The principle often results in regulative moral prohibitions adding to the ‘precautionary’ principle. At the same time, the principle initiates many actions extending beyond the ‘here and now’ ethics but having an ethical justification while mentioning welfare of a human being in the future. However, everyone of us has moral obligations and responsibility to people we contact and interact with; we expect the same from those around us because of our idea of a moral obligation. This is how the golden rule of ethics is applied in its primitive sense.
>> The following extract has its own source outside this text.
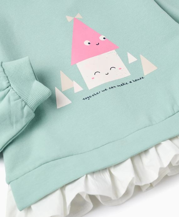 Conjunto para bebé niña compuesto por sudadera de manga larga en color verde agua y leggings a juego. La sudadera tiene un original estampado frontal con figuras geométricas de colores y un detalle de volante en el bajo que aporta un toque femenino y divertido.
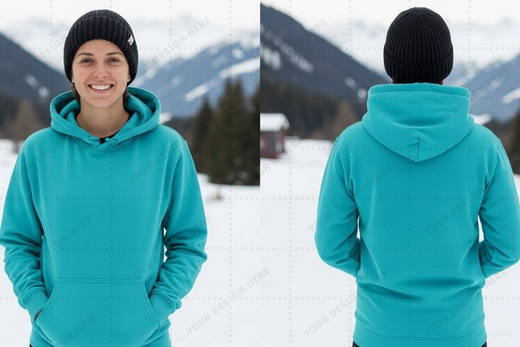 Mockup Design Snowy Mountain Sportswear Hooded Sweatshirt Winter Clothing Outdoor Wear Front Pocket Teal Hoodie Cold Weather Gear Drawstring Hoodie

It is not applicable to the future generations due to the lack of reciprocity. In case of an immoral deed, a person waits for conviction or at least pretension on the part of the recipient of these actions. The ‘non-existing’ future can’t lay any claims, because it has no rights at this very moment. In this regard, the following questions arise: ‘What has the future done for me? Does it observe my rights?’ [7].
It is obvious that ethics is about reciprocity. It is manifested through the social ‘human-human’ relations, that’s why the ‘human being-future human being’ linking goes beyond the range. There are cases when ethical activities are a priori unresponsive, for instance, ethics of care towards own children. Such ethical features as unselfishness and altruism are always manifested in this case and the principle of responsibility to future generations acquires the status of ‘obligation to the offspring’.
Nevertheless, the question remains open: human genome editing can’t be introduced without clinical trials. It is not safe today. The way out is a trial with voluntary participation by people with untreatable diagnosis. The thesis is immoral as it is, because in accordance with the Additional protocol, human benefit from conducted trials and experiments should significantly outweigh the risks and negative effects. Does it mean that the destiny of a patient with terminal illness is predetermined? How can the patient accept and morally agree with the prohibition of clinical trials based on responsibility to the future on a rational basis, if his life is determined here and now, this being the only chance? On the other hand, taking into account the lack of the ‘right to suicide’ in a human being, the lottery is far from being immoral, as a number of oncological patients and patients with inherited diseases is exponentially increasing. That is why in case with the person of the future, the immoralism can be substantiated from an ethical point of view. In fact, the ‘moral luck’ is always associated with an ‘ethical risk’: absolute moral prohibitions of deontology do not operate on the constant basis when it is about the life of an individual. So, in this case those who take a decision about the use of genome editing should refer to the utilitarian and pragmatic practice.